Repeat only the lines below that run from the line with "Der Mai ist" to the line with "exterior shot i", ends included; skip every picture.

Data segment:
◇ ◇ ◇ ◇ ◇

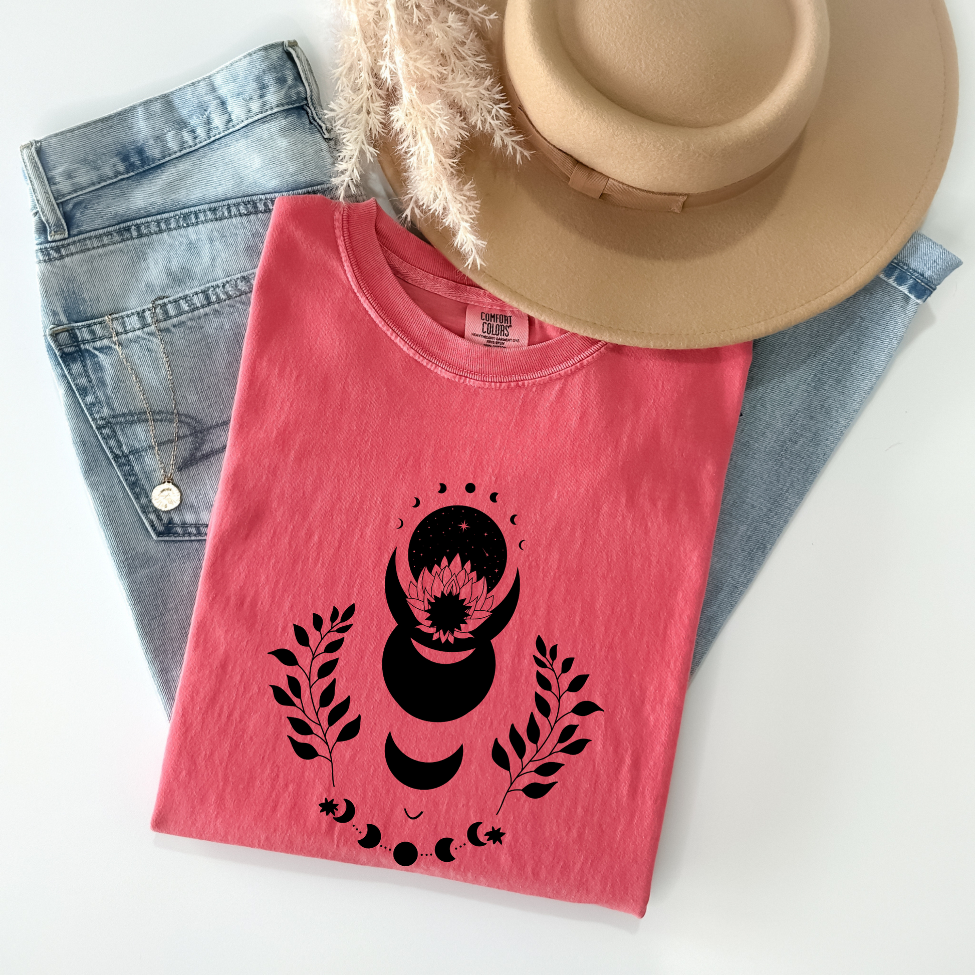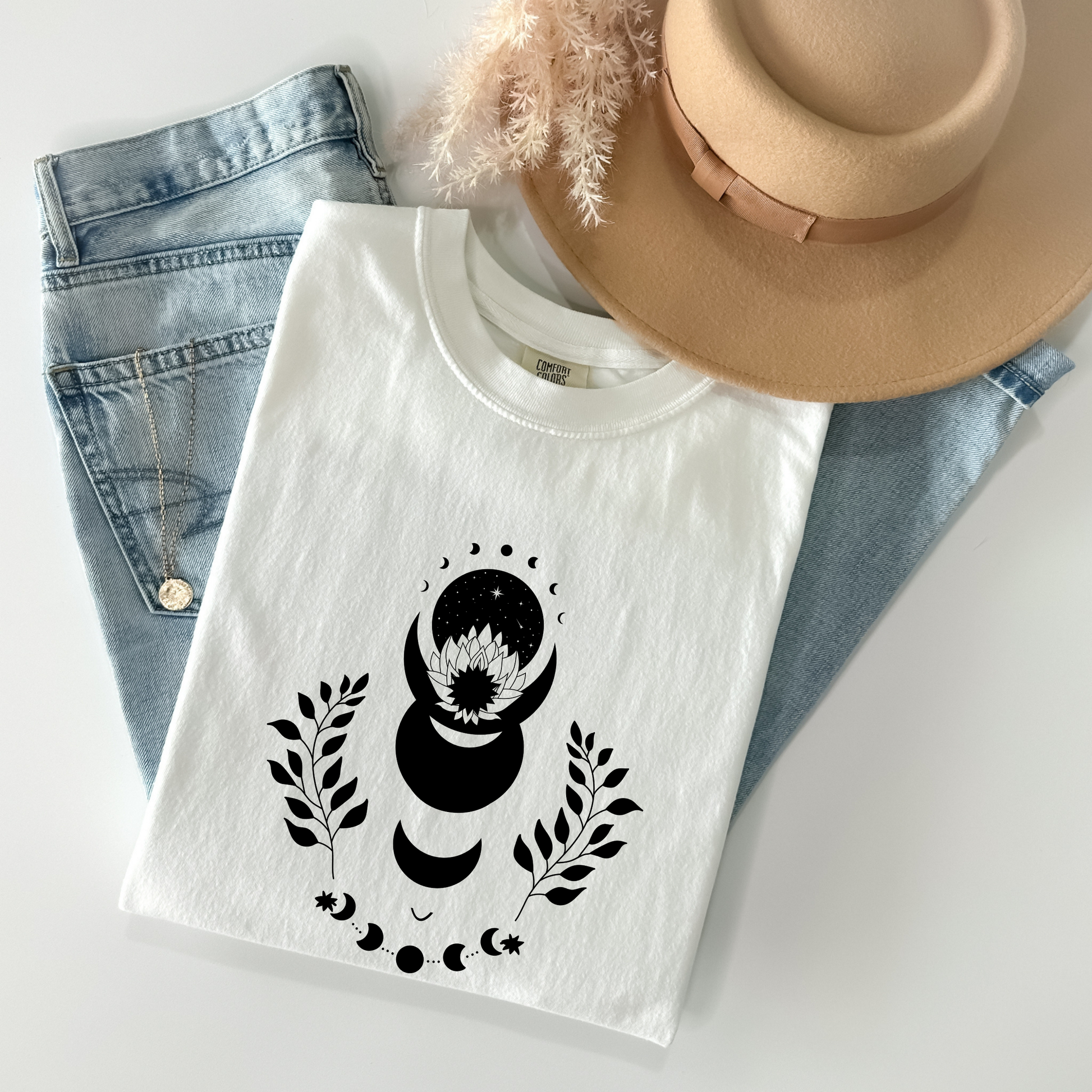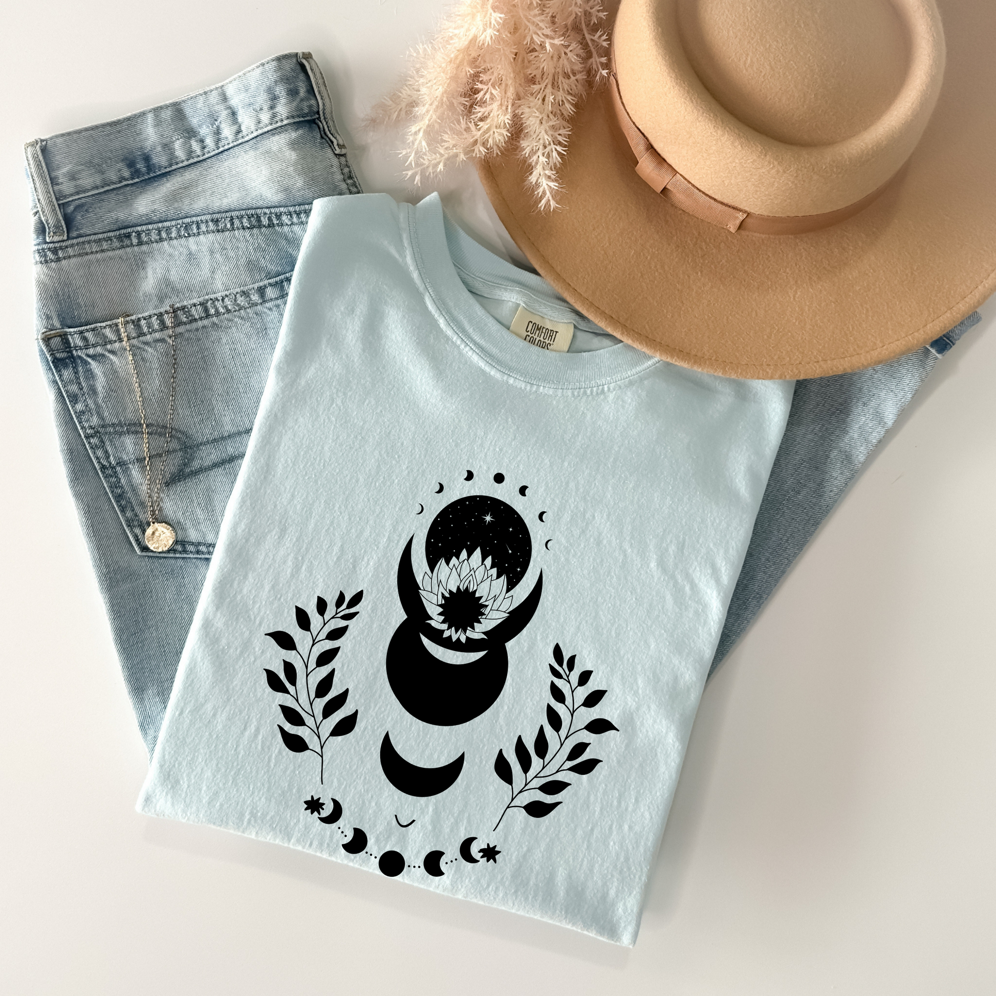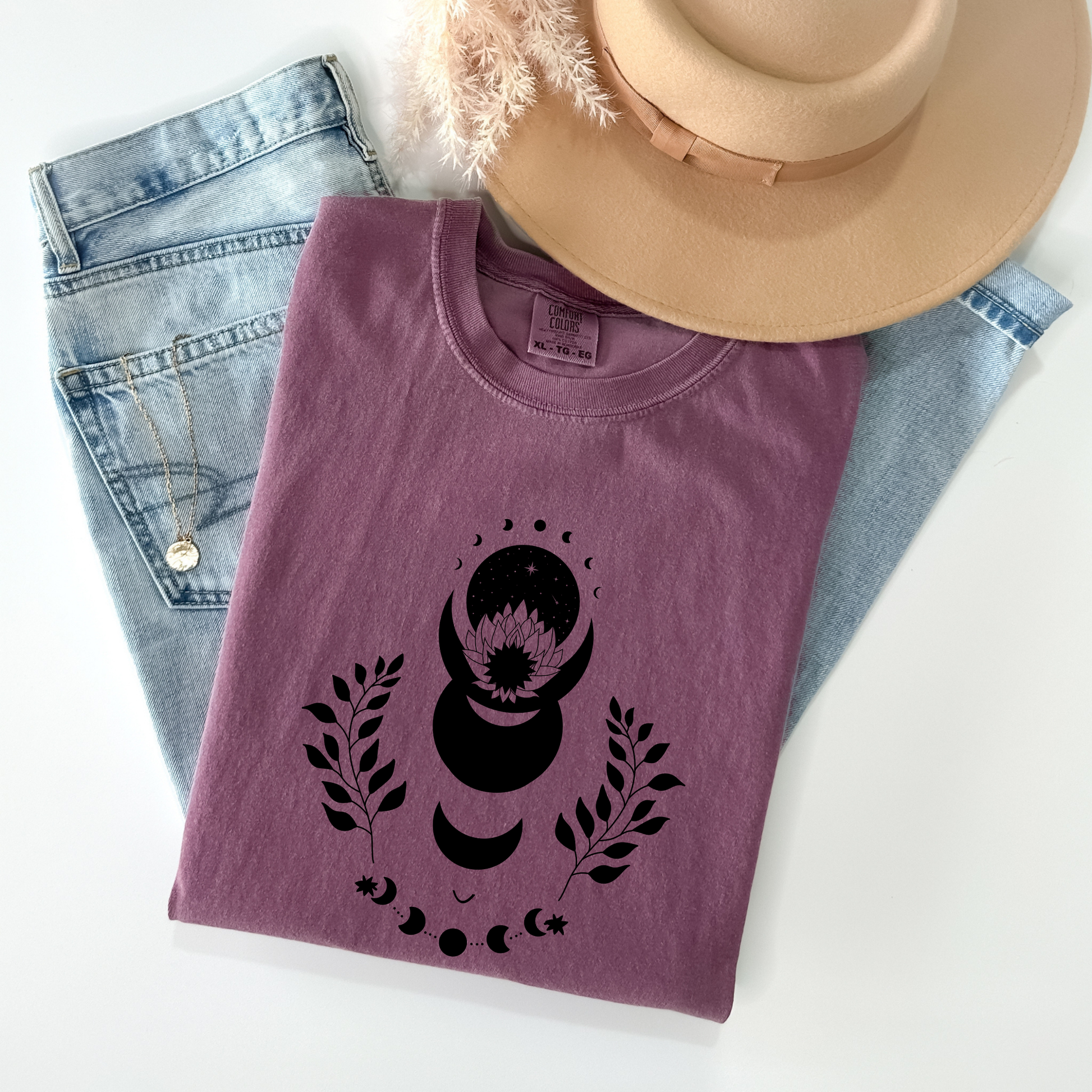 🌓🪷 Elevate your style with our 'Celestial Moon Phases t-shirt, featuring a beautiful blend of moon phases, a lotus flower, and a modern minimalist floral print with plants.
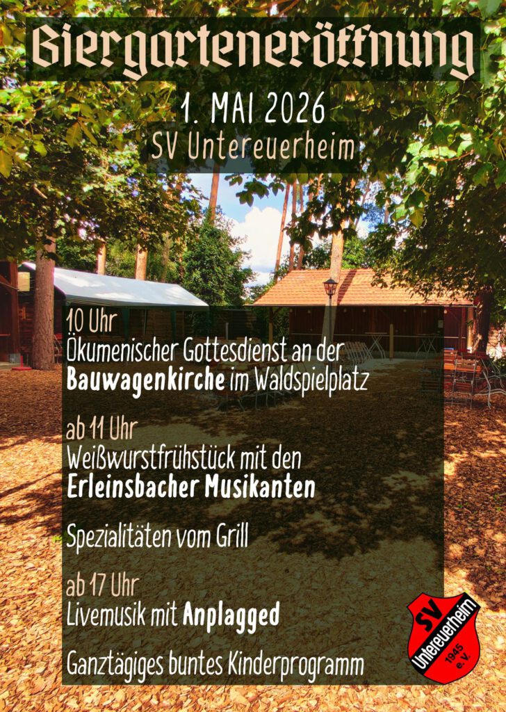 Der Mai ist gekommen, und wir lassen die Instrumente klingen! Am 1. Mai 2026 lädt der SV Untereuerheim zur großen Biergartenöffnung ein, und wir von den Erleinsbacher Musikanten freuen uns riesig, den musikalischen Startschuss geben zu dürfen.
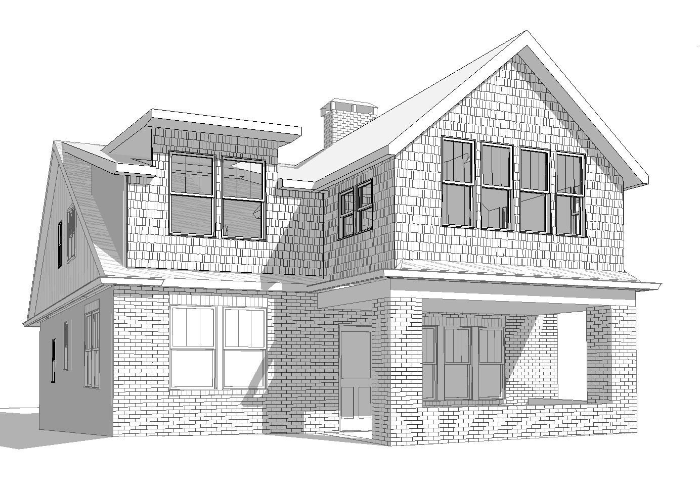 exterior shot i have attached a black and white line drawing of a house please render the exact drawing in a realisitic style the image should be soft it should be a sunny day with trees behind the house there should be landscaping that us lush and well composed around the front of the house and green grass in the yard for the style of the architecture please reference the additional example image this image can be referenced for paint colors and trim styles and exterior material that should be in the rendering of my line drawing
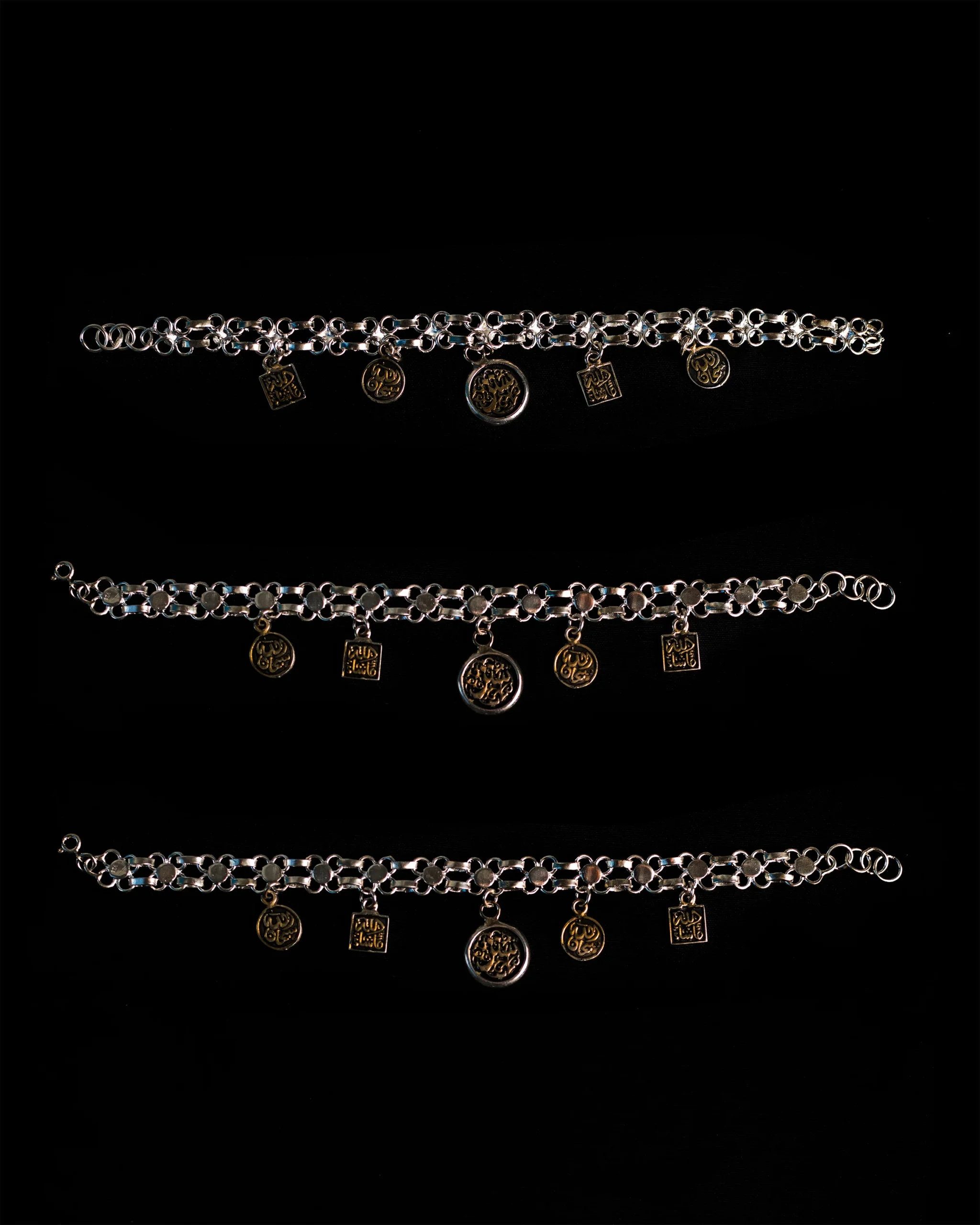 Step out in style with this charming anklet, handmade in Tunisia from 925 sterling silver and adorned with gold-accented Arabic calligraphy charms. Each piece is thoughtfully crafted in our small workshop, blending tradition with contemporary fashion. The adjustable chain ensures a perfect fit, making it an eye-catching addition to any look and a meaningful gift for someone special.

◇ ◇ ◇ ◇ ◇

The answer:
 Der Mai ist gekommen, und wir lassen die Instrumente klingen! Am 1. Mai 2026 lädt der SV Untereuerheim zur großen Biergartenöffnung ein, und wir von den Erleinsbacher Musikanten freuen uns riesig, den musikalischen Startschuss geben zu dürfen.
 exterior shot i have attached a black and white line drawing of a house please render the exact drawing in a realisitic style the image should be soft it should be a sunny day with trees behind the house there should be landscaping that us lush and well composed around the front of the house and green grass in the yard for the style of the architecture please reference the additional example image this image can be referenced for paint colors and trim styles and exterior material that should be in the rendering of my line drawing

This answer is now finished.